We conducted a comparative analysis of the NbKLAB genome, NbLAB360, and Niben261 dataset to assess genome similarity. All three datasets featured the same 19 chromosomes. Quantitative metrics, including genome size (2,762,242,804 bp), maximum contig size (182,285,862 bp), and N50 values (142.6 Mb), revealed remarkable similarities the NbLAB360 dataset. However, the BUSCO v.5.3.2²⁷ value for NbKLAB reached 99.5%, indicating a slightly superior assembly quality compared to the BUSCO values of NbLAB360 and Niben261, which are 98.5% and 98.7%, respectively (Table 2). Additionally, the Long Terminal Repeat (LTR) Assembly Index (LAI), a method for assessing genome assembly completeness by examining the accuracy of repeat sequence assemblies, was applied using LTR_retriever²⁸. Additionally, we employed Circos v.0.69–9 software²⁹ to depict the genome density features shown in Fig. 1c.

Table 2 Genome assembly and annotation statistics for NbKLAB and NbLAB360, and Niben261 genomes.

Full size table

Genome annotation

The annotation of protein-coding genes was conducted using the BRAKER2 sortware³⁰. To obtain transcriptome data, RNA-seq reads³¹ were aligned to the NbKLAB reference genome using HISAT2 v.2.2.1³². Subsequent analysis utilized a protein database containing sequences from previously published, which were aligned to our genome assembly with ProtHint v.2.6.0³³. Integration of these datasets was performed with GeneMark-ETP³³ combining evidence from both transcriptomic and protein sequence alignments. The training and prediction of gene models were further refined using AUGUSTUS v.3.3.2³⁴. The integration of predictions from AUGUSTUS and GeneMark-ETP was performed using TSEBRA³⁵. To ensure the quality of predicted protein-coding genes, a filtration process was applied, utilizing BLASTP to remove sequences of poor quality based on specific criteria (E-value cut-off- 1e-10, Query coverage > 0.3, Subject Coverage > 0.3). Finally, we identified a total of 46,215 protein-coding genes.

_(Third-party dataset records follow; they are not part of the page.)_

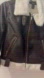 Stylish brown leather jacket featuring white fur trim. Perfect for a chic look. Faux leather! This is not authentic leather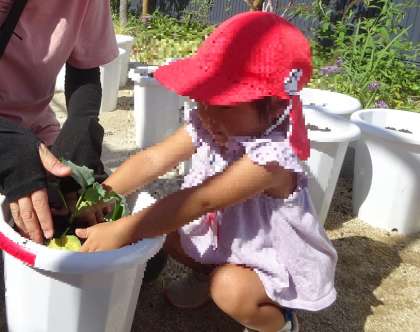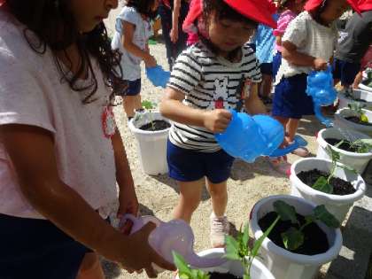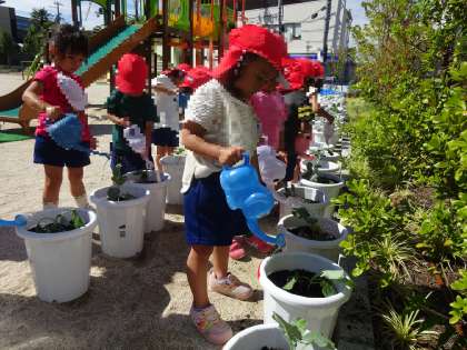 そうして、自分で植えた苗が、水をあげるごとに大きくなっていくと、愛着も湧いてくると思います。生長を楽しみにしながら、毎日お世話を楽しみ、食育につなげていきたいと思います。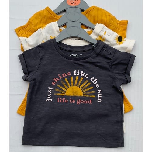 This 3-pack of pretty t-shirts from primark features three different designs 3 pcs t shirt in colorful vibrant prints. Made from soft cotton for all-day long comfort. Perfect for their everyday essentials wardrobe.

Comparative genomic analysis

To compare genome sequences between NbKLAB and NbLAB360 at the chromosome level, we conducted pairwise comparisons using Circos v.0.69–9 and MUMmer4³⁶. Protein sequences from both NbKLAB and NbLAB360 were aligned using BLASTP v.2.5.0. We identified conserved syntenic and collinearity blocks across the entire genome by employing the MCScanX program³⁷. To focus on significant conserved genomic regions, we selected scaffolds larger than 1 Mb in length from all genomes for comparison. The results were then visualized using the Circos program (Fig. 2a). Additionally, we conducted sequence comparisons between chromosomes using Nucmer within the MUMmer4 software, with the parameters set as “-l 100, -c 500”. The MUMmer analysis revealed successful alignment of all 19 chromosomes between NbKLAB and NbLAB360 (Fig. 2b). These results demonstrate the accuracy of the alignment and establish comprehensive and accurate concordance within the genomic region.

Repeat annotation

We employed an integrative approach that combined homology alignment and de novo prediction for repeat annotation. A repeat library was constructed from the assembled genomes using Utilizing RepeatModeler v.2.0.3³⁸. Subsequent repeat annotation was conducted with RepeatMasker v.4.1.3³⁹ (https://www.repeatmasker.org/). Comparatively, NbKLAB displayed a slightly higher detection of LTR elements at 1.40 Gb, constituting 49.99% of its entire genome, while NbLAB360 exhibited 1.37 Gb of LTR elements, accounting for 48.24% of its genome. In contrast, the distribution of SINE and LINE elements in NbKLAB was relatively reduced (Table 3).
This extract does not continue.